After such admonition he would say no more to me. But this tame nursery business was assuredly gall to him. For though utterly a man in countenance and in his self-possession and incapacity to be put at a loss, he was still boyishly proud of his wild calling, and wore his leather straps and jingled his spurs with obvious pleasure. His tiger limberness and his beauty were rich with unabated youth; and that force which lurked beneath his surface must often have curbed his intolerance of me. In spite of what I knew must be his opinion of me, the tenderfoot, my liking for him grew, and I found his silent company more and more agreeable. That he had spells of talking, I had already learned at Medicine Bow. But his present taciturnity might almost have effaced this impression, had I not happened to pass by the bunk-house one evening after dark, when Honey Wiggin and the rest of the cow-boys were gathered inside it.
That afternoon the Virginian and I had gone duck shooting.
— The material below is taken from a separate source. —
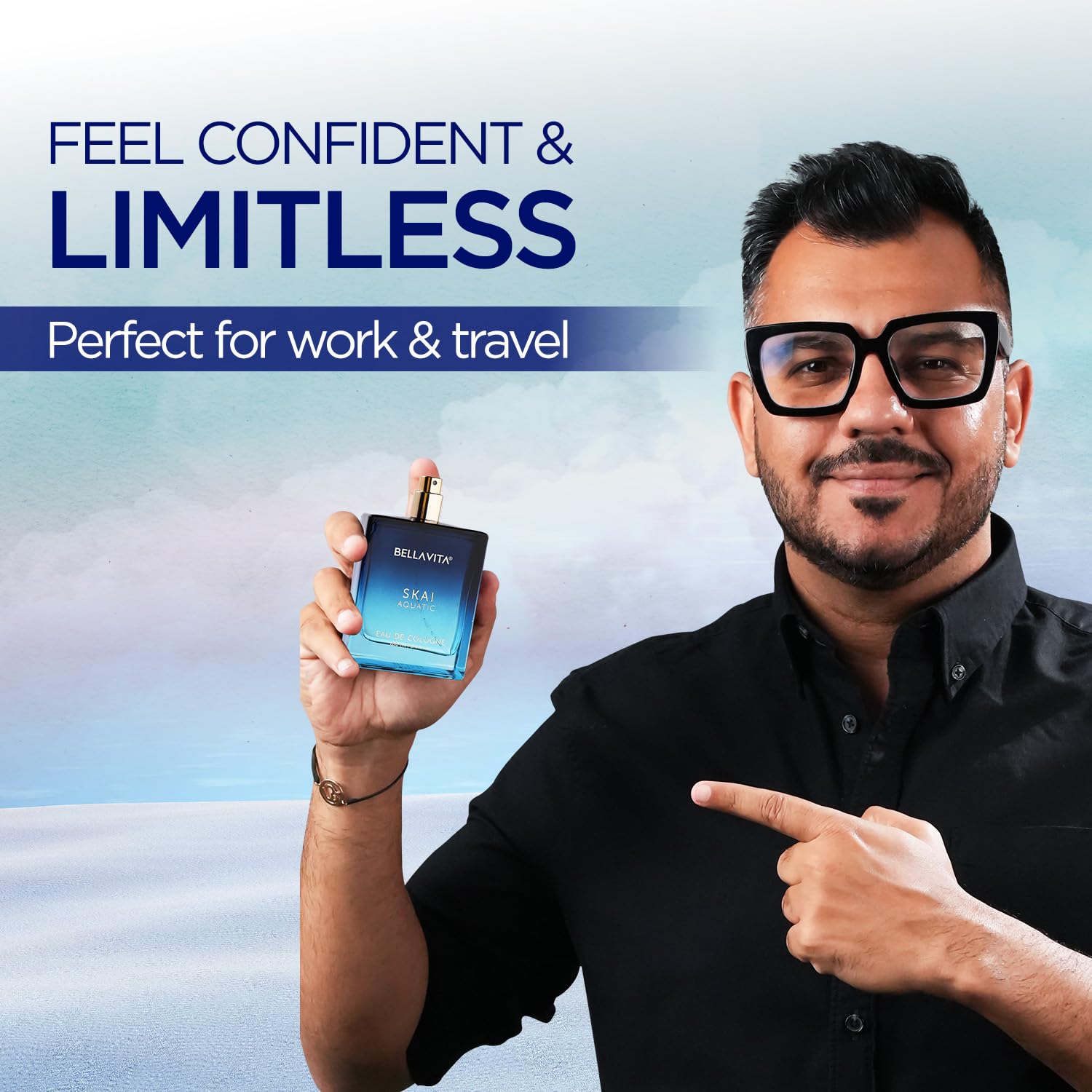 Bella Vita Luxury Skai Aquatic Unisex Eau De Cologne with Bergamot, Lavender & Patchouli|Premium, Long Lasting Woody Fragrance for Men & Women, 100 ML

We had found several in a beaver dam, and I had killed two as they sat close together; but they floated against the breastwork of sticks out in the water some four feet deep, where the escaping current might carry them down the stream. The Judge's red setter had not accompanied us, because she was expecting a family.
“We don't want her along anyways,” the cow-puncher had explained to me. “She runs around mighty irresponsible, and she'll stand a prairie-dog 'bout as often as she'll stand a bird. She's a triflin' animal.”
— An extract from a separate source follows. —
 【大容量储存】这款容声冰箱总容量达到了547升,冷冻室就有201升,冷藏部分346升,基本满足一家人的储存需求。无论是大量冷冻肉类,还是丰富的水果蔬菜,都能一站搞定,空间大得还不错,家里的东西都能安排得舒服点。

My anxiety to own the ducks caused me to pitch into the water with all my clothes on, and subsequently crawl out a slippery, triumphant, weltering heap. The Virginian's serious eyes had rested upon this spectacle of mud; but he expressed nothing, as usual.
“They ain't overly good eatin',” he observed, tying the birds to his saddle. “They're divers.”
“Divers!” I exclaimed. “Why didn't they dive?”
“I reckon they was young ones and hadn't experience.”
“Well,” I said, crestfallen, but attempting to be humorous, “I did the diving myself.”
But the Virginian made no comment. He handed me my double-barrelled English gun, which I was about to leave deserted on the ground behind me, and we rode home in our usual silence, the mean little white-breasted, sharp-billed divers dangling from his saddle.
It was in the bunk-house that he took his revenge. As I passed I heard his gentle voice silently achieving some narrative to an attentive audience, and just as I came by the open window where he sat on his bed in shirt and drawers, his back to me, I heard his concluding words, “And the hat on his haid was the one mark showed yu' he weren't a snappin'-turtle.”